◆ Your goal:
Once the line holding "Spodnie ochronne do" is written out, stop; begin at the first line of the material below and retype exactly, dropping pictures.

◆ Data segment:
*****

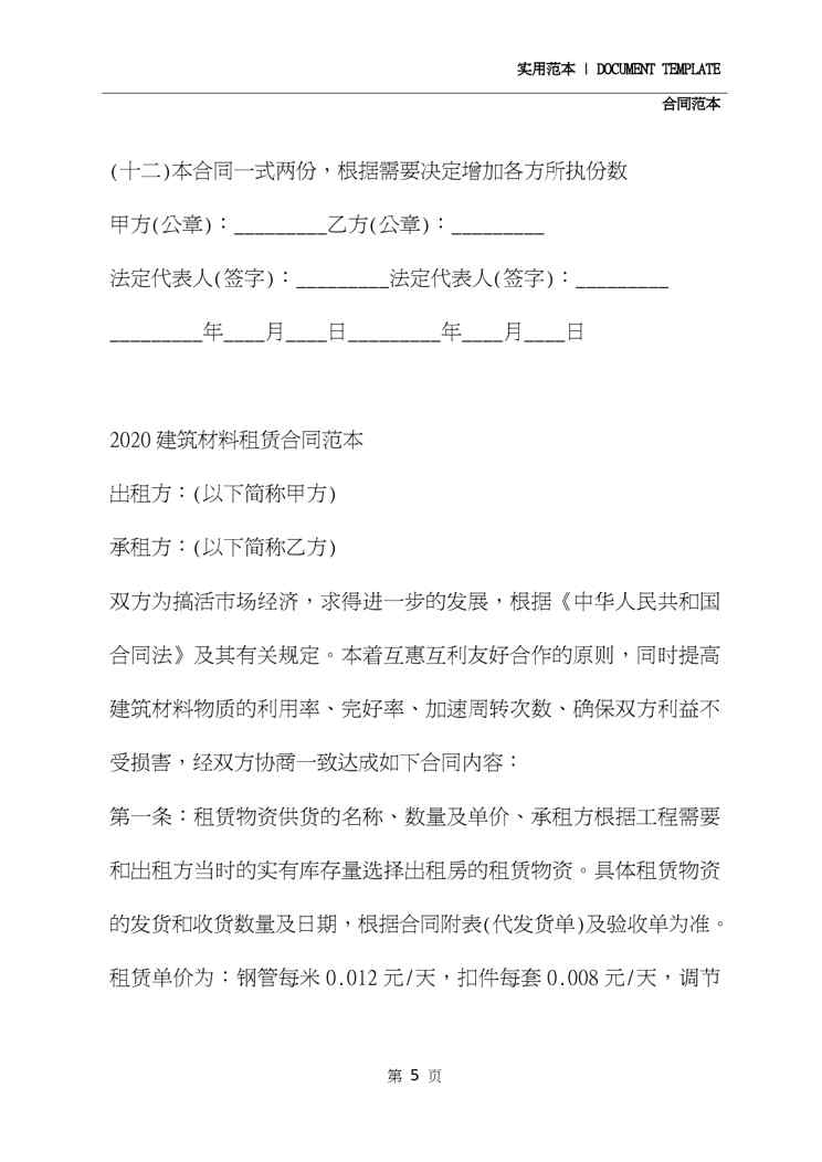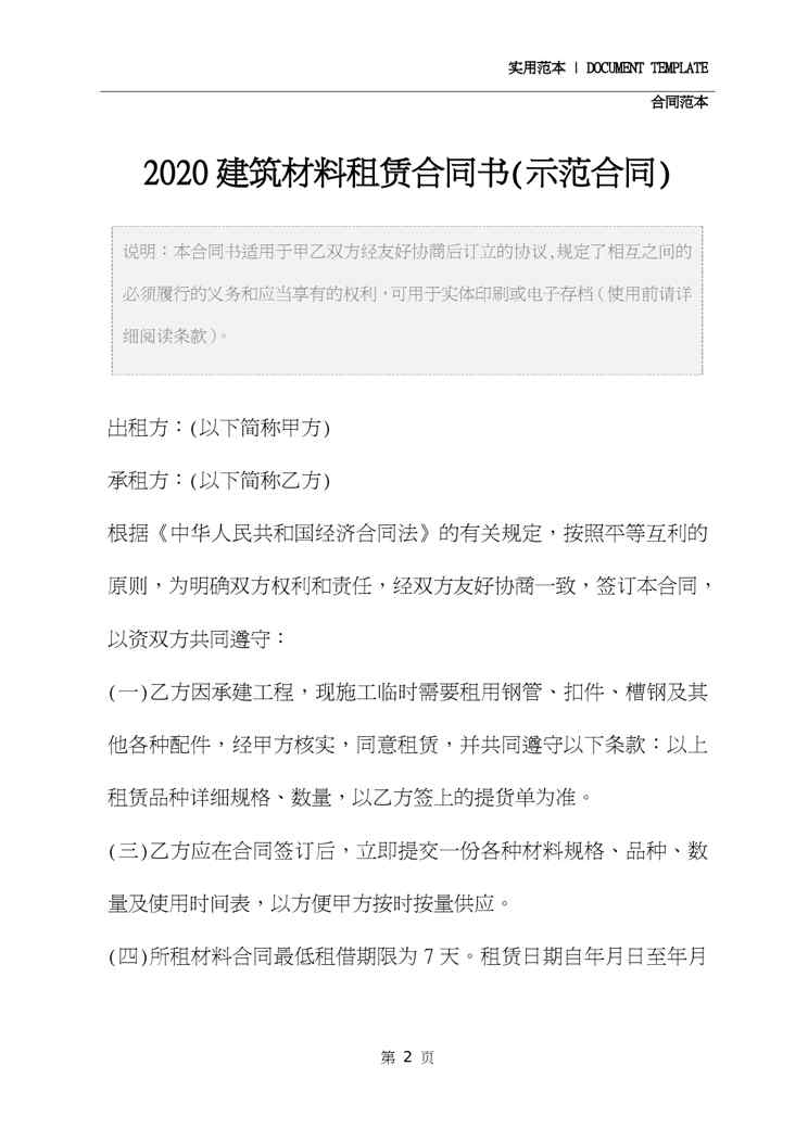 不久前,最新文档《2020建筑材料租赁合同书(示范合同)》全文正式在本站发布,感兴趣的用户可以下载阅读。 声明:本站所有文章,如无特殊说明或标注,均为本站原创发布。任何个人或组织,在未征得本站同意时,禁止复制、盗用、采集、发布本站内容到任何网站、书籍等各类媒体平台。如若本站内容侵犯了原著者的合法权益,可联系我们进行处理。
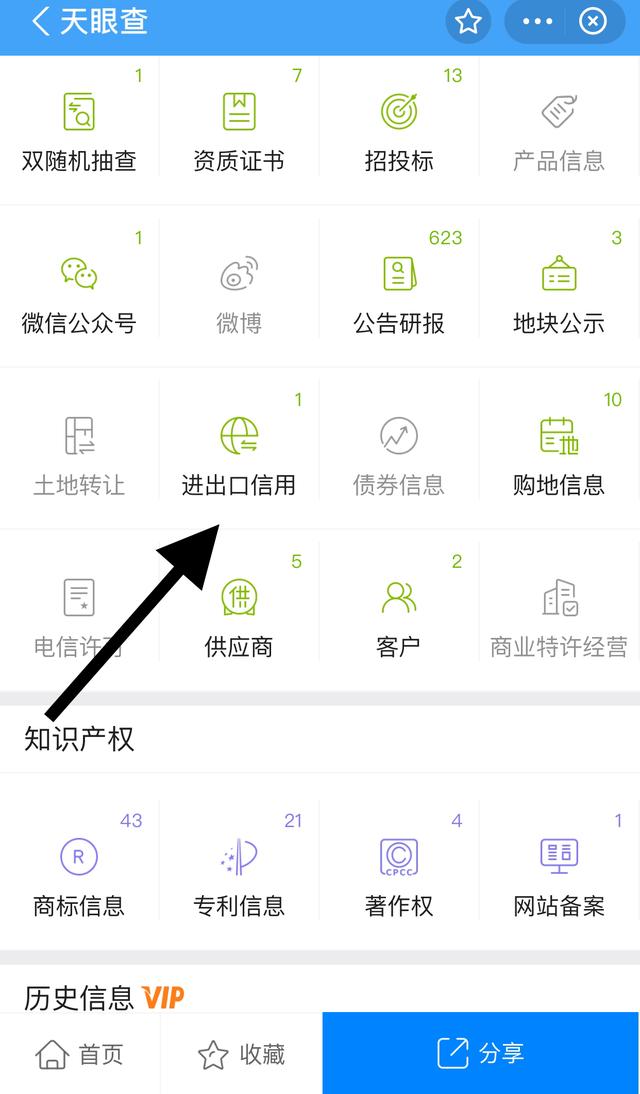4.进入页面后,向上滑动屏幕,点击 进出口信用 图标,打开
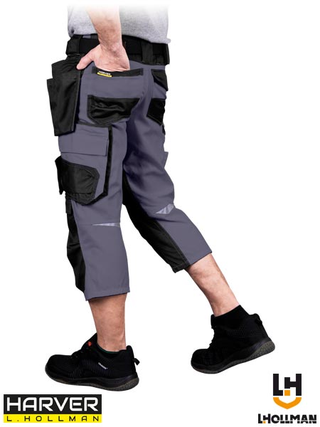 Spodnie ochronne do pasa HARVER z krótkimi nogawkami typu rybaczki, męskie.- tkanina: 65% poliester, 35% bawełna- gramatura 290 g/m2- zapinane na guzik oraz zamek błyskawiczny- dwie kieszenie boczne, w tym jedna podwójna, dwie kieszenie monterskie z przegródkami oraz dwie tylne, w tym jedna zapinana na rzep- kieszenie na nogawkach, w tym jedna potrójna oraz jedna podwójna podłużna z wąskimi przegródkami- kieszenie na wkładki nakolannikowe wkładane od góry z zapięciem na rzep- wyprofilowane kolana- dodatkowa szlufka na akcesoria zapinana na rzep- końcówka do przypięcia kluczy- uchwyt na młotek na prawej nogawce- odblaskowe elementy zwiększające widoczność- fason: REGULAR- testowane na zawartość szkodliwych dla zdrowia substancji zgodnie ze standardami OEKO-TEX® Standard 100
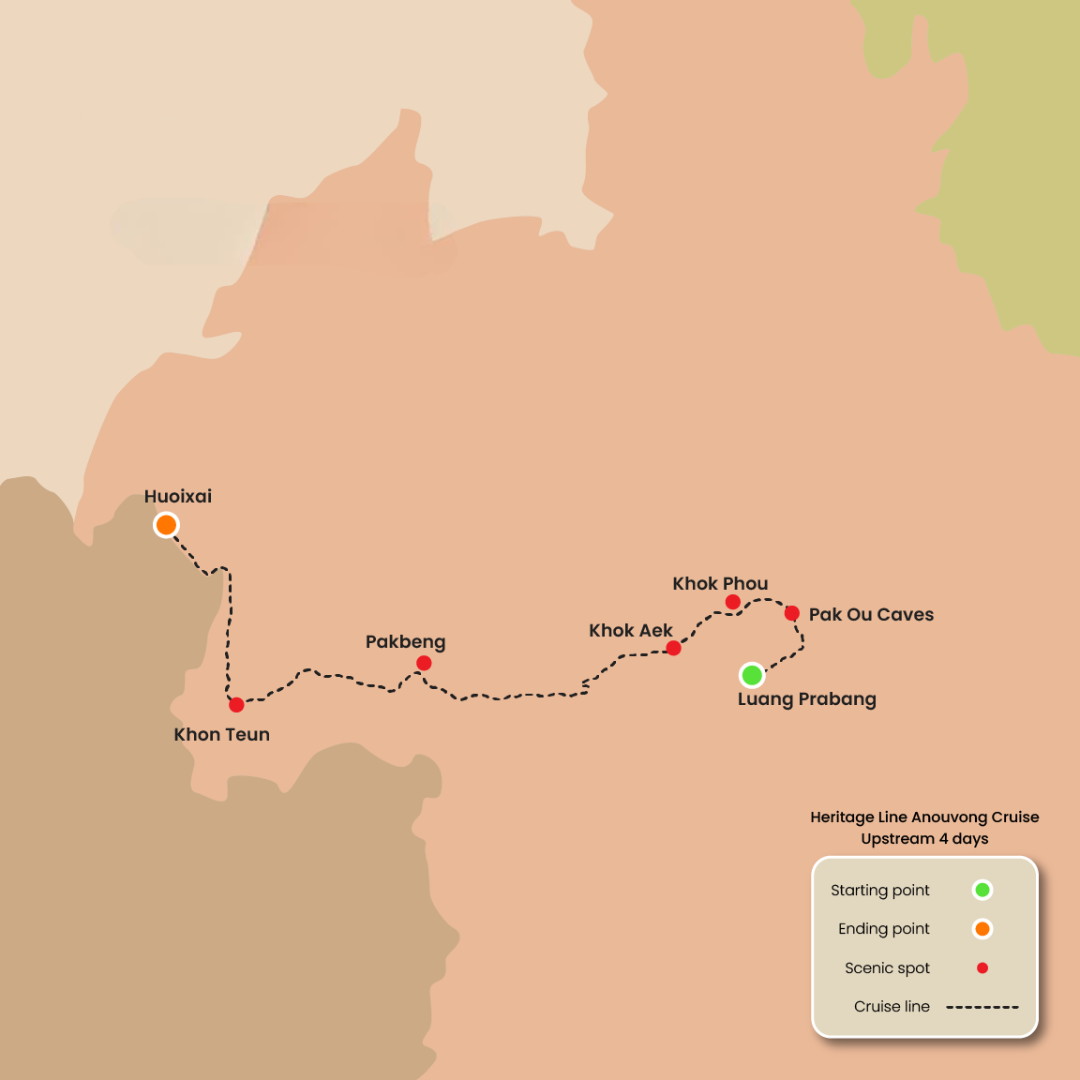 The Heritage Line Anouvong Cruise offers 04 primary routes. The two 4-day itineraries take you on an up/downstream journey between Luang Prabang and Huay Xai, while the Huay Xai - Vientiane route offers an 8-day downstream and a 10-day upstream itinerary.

*****

◆ Response area:
 不久前,最新文档《2020建筑材料租赁合同书(示范合同)》全文正式在本站发布,感兴趣的用户可以下载阅读。 声明:本站所有文章,如无特殊说明或标注,均为本站原创发布。任何个人或组织,在未征得本站同意时,禁止复制、盗用、采集、发布本站内容到任何网站、书籍等各类媒体平台。如若本站内容侵犯了原著者的合法权益,可联系我们进行处理。
4.进入页面后,向上滑动屏幕,点击 进出口信用 图标,打开
 Spodnie ochronne do pasa HARVER z krótkimi nogawkami typu rybaczki, męskie.- tkanina: 65% poliester, 35% bawełna- gramatura 290 g/m2- zapinane na guzik oraz zamek błyskawiczny- dwie kieszenie boczne, w tym jedna podwójna, dwie kieszenie monterskie z przegródkami oraz dwie tylne, w tym jedna zapinana na rzep- kieszenie na nogawkach, w tym jedna potrójna oraz jedna podwójna podłużna z wąskimi przegródkami- kieszenie na wkładki nakolannikowe wkładane od góry z zapięciem na rzep- wyprofilowane kolana- dodatkowa szlufka na akcesoria zapinana na rzep- końcówka do przypięcia kluczy- uchwyt na młotek na prawej nogawce- odblaskowe elementy zwiększające widoczność- fason: REGULAR- testowane na zawartość szkodliwych dla zdrowia substancji zgodnie ze standardami OEKO-TEX® Standard 100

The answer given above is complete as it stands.